Der Bund will zudem den Sport- und Trainingsbetrieb im Breiten- und Freizeitsport in Deutschland unter freiem Himmel unter Bedingungen wieder erlauben.
Konzept für Schulen und Kitas
Ein weiteres Thema der Beratungen sind Lockerungen der Auflagen für Schulen und Kitas. Allen Schülern soll schrittweise unter Auflagen bis zu den Sommerferien eine Rückkehr an die Schulen ermöglicht werden. Schüler mit besonderem Unterstützungsbedarf etwa wegen der häuslichen Situation oder der technischen Ausstattung sollten "möglichst umgehend gezielte pädagogische Präsenzangebote an den Schulen erhalten."
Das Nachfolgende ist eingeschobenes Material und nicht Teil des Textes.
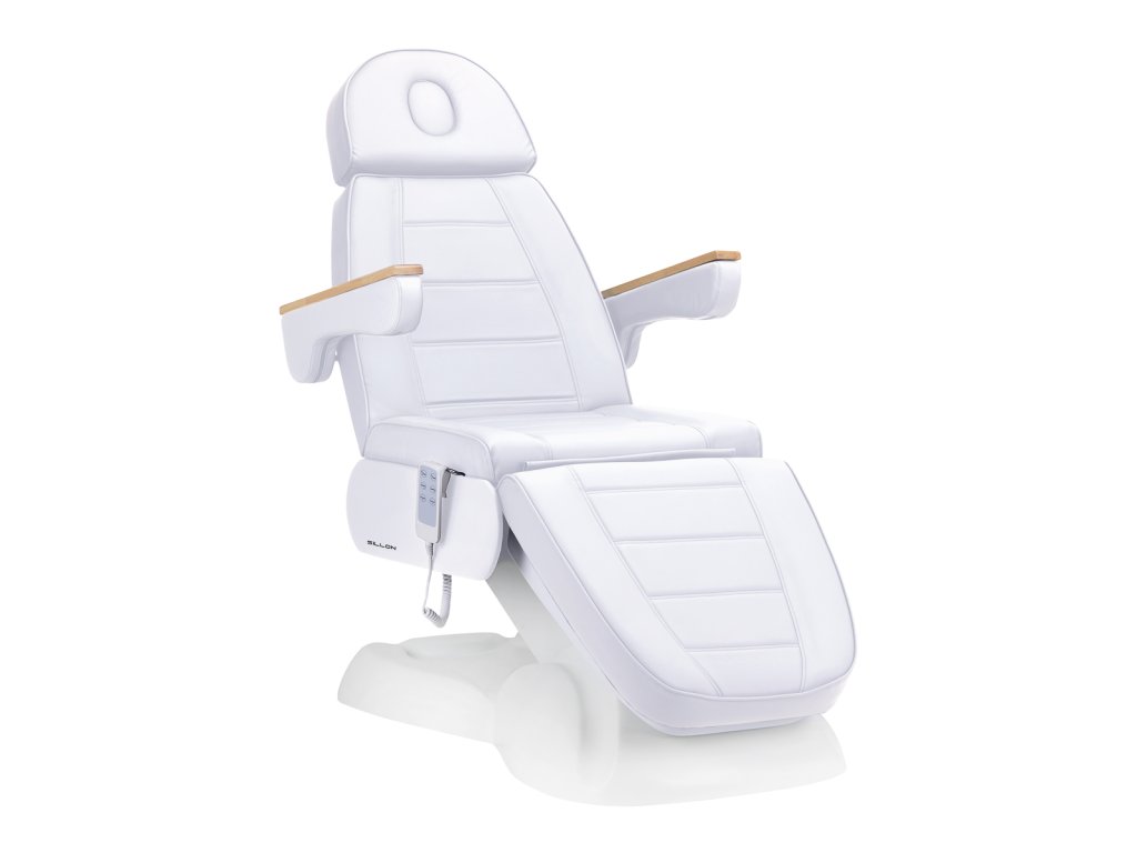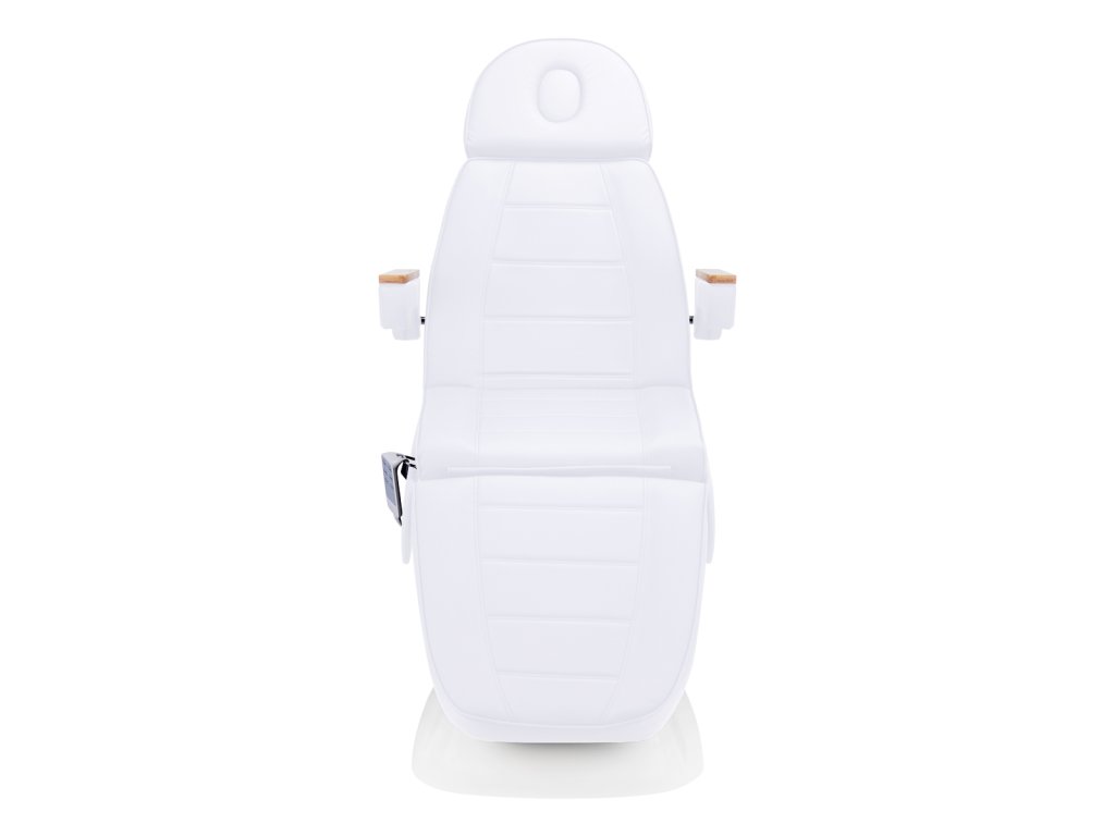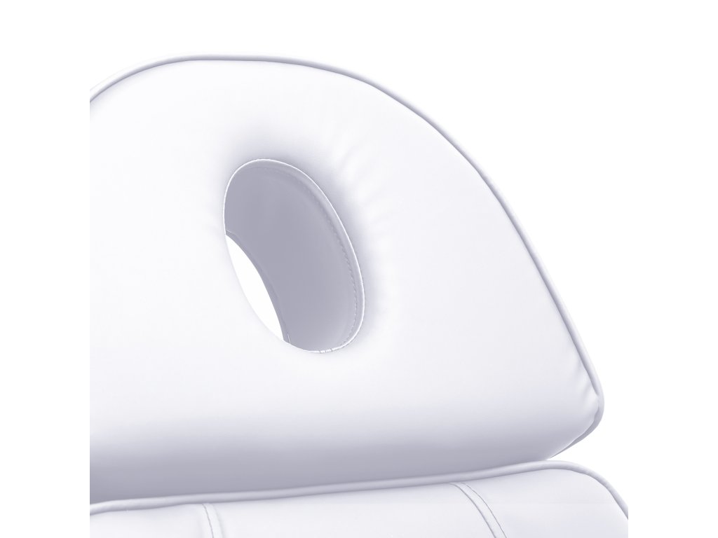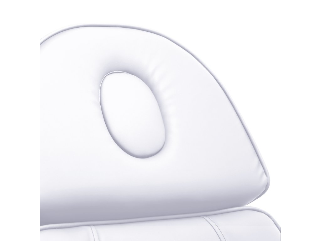 A széles ülőfelület, a tartós habszivacs töltet és a szintetikus bőr kárpitozás hideg fehér színben maximális kényelmet biztosítanak még hosszabb eljárások alatt is. A forgatható és levehető kartámaszok megkönnyítik a beszállást, és nagyobb hozzáférést biztosítanak a szakembernek. A kihúzható fejtámla és a teljesen vízszintes helyzetbe állítható ágy univerzálisan használható – arckezeléshez, testkezeléshez, fizioterápiához vagy akár tetováláshoz is.

Um die schwierige Situation von Familien mit Kindern zu erleichtern, kann zudem vom 11. Mai an eine erweiterte Notbetreuung in allen Bundesländern eingeführt werden. Dazu gehören vordringlich unter anderem Kinder mit besonderem pädagogischen oder Sprachförderbedarf, Kinder die in beengten Wohnverhältnissen leben - etwa wenn ein eigenes Kinderzimmer fehlt - sowie Kinder, die am Übergang zur Vorschule oder Schule stehen. Die Einzelheiten sollen die Länder regeln.
FDP-Chef sieht "Kehrtwende"
FDP-Chef Christian Linder sprach im ZDF-"Morgenmagazin mit Blick auf die Beschlussvorlage von einer "Kehrtwende" der Regierung. Diese erfolgt seiner Meinung nach aber zu spät: Er hätte sich eine solche Politik bereit "vor 14 Tagen" gewünscht, sagte Lindner. Merkel habe durch ihr zögerliches Vorgehen zunächst "die Ausfahrt verpasst", weshalb verschiedene Bundesländer dann jeweils alleine Öffnungsschritte beschlossen hätten. Als "absolut richtig" bezeichnete Lindner aber die geplante Regionalisierung der Corona-Bekämpfung.